Saturday, November 11, 2006

Research -- Google

There's something deeper to learn about Google from Gmail than the initial reaction to the product features. Ignore for a moment the observations about Google leapfrogging their competitors with more user value and a new feature or two. Or Google diversifying away from search into other applications; they've been doing that for a while. Or the privacy red herring.
No, the story is about seemingly incremental features that are actually massively expensive for others to match, and the platform that Google is building which makes it cheaper and easier for them to develop and run web-scale applications than anyone else.

An overlooked feature that made Google really cool in the beginning was their snippets. These show a few sample sentences from each web page matching the search.


Consider the insane cost to implement this simple feature. Google has to keep a copy of every web page on the Internet on their servers in order to show the piece of the web page where the search terms hit. Everything is served from RAM, only booted from disk. And they have multiple separate search clusters at their co-locations. This means that Google is currently storing multiple copies of the entire web in RAM. That would really require a lot of memory for the purpose.


Google has taken the last 10 years of systems software research out of university labs, and built their own proprietary, production quality system. It's a distributed computing platform that can manage web-scale datasets on 100,000 node server clusters. It includes a petabyte, distributed, fault tolerant filesystem, distributed RPC code, probably network shared memory and process migration. And a datacenter management system which lets a handful of ops engineers effectively run 100,000 servers. Any of these projects could be the sole focus of a startup.

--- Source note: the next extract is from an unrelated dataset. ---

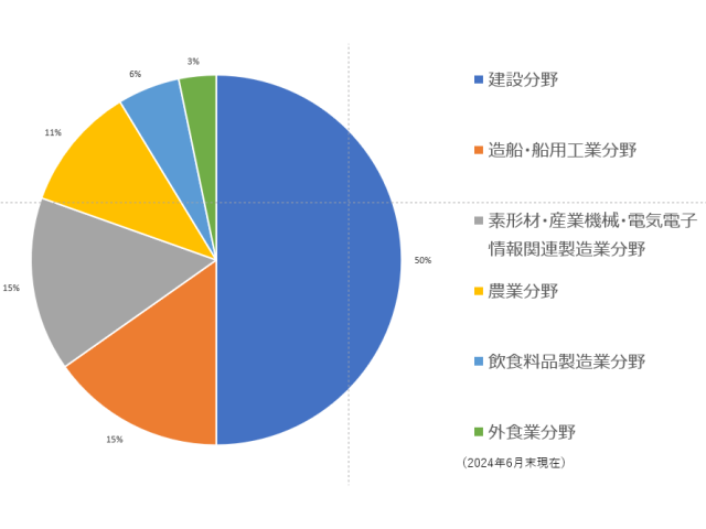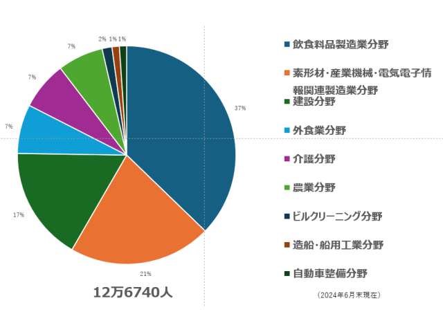 50%を占めているベトナム人が務めている先の産業分野は、「飲食料品製造分野」37%、「素形材・産業機械・電気電子情報関連製造業分野」21%、「建設分野」17%の上位3分野で75%を占めている。
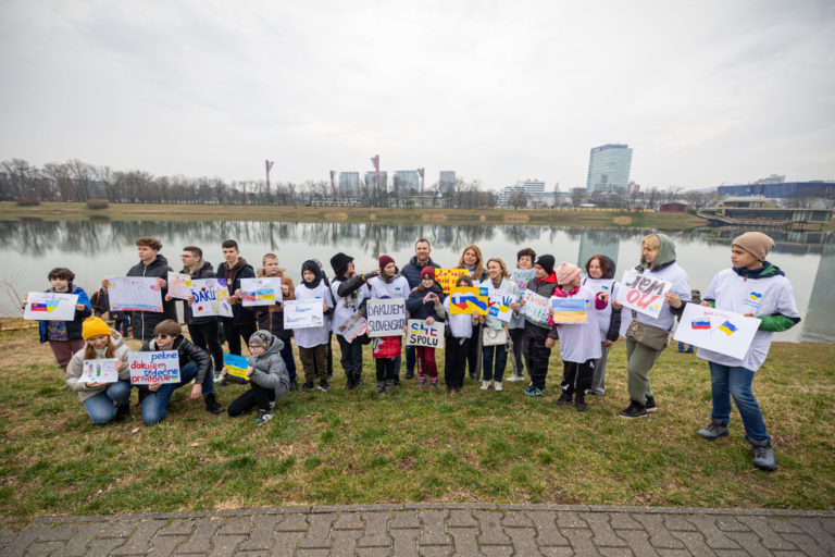 Účastníci po vysadení „stromu vďaky“ pri jazere Kuchajda zavŕšili série podujatí, organizovaných Iniciatívou Ďakujeme Slovensko, prostredníctvom ktorých sa ukrajinská komunita odvďačila Slovensku za prijatie a pomoc v čase núdze. Bratislava, 17. február 2024. Foto: SITA/Jana Birošová

The most obvious concern for Gmail is storage. They can't lose emails and more importantly, would never be expected to be down. The backup system used isn't the conventional one. RAID isn't any good. If a RAID disk fails, it requires human intervention to replace the disk, and in case more disks fail, it can lead to data loss. Moreover, it requires hot swap trays which are an expensive piece of equippment. RAID has a problem with high end availability of data at the server level.


Google has 100,000 servers. If a disk fails, it is left to be reclaimed/repalced later. Hardware failures need to be instantly routed around by software.


Google has built their own distributed, fault-tolerant, petabyte filesystem, the Google Filesystem. This is ideal for the job. Say GFS replicates user email in three places; if a disk or a server dies, GFS can automatically make a new copy from one of the remaining two. Compress the email for a 3:1 storage win, then store user's email in three locations, and their raw storage need is approximately equivalent to the user's mail size.


The Gmail servers wouldn't be top-heavy with lots of disk. They need the CPU for indexing and page view serving anyway. No fancy RAID card or hot-swap trays, just 1-2 disks per 1U server.
It's straightforward to spreadsheet out the economics of the service, taking into account average storage per user, cost of the servers, and monetization per user per year. Google apparently puts the operational cost of storage at $2 per gigabyte. It is assume the yearly monetized value of a webmail user to be in the $1-10 range.


Google has 100,000 servers.


Any sane ops person would rather go with a fancy $5000 server than a bare $500 motherboard plus disks sitting exposed on a tray. But that's a 10X difference to the cost of a CPU cycle. And this frees up the algorithm designers to invent better stuff.


Without cheap CPU cycles, the coders won't even consider algorithms that the Google guys are deploying. They're just too expensive to run.


Google doesn't deploy bare motherboards on exposed trays anymore; they're on at least the fourth iteration of their cheap hardware platform. Google now has an institutional competence building and maintaining servers that cost a lot less than the servers everyone else is using. And they do it with fewer people.


They must have a little internal factory to deploy servers, and the level of automation needed to run that many boxes. Either network boot or a production line to pre-install disk images. Servers that self-configure on boot to determine their network config and load the latest rev of the software they'll be running. Normal datacenter ops practices don't scale to what Google has.


Google is a company that has built a single very large, custom computer. It's running their own cluster operating system. They make their big computer even bigger and faster each month, while lowering the cost of CPU cycles. It's looking more like a general purpose platform than a cluster optimized for a single application.


While competitors are targeting the individual applications Google has deployed, Google is building a massive, general purpose computing platform for web-scale programming.
This computer is running the world's top search engine, a social networking service, a shopping price comparison engine, a new email service, and a local search/yellow pages engine. What will they do next with the world's biggest computer and most advanced operating system?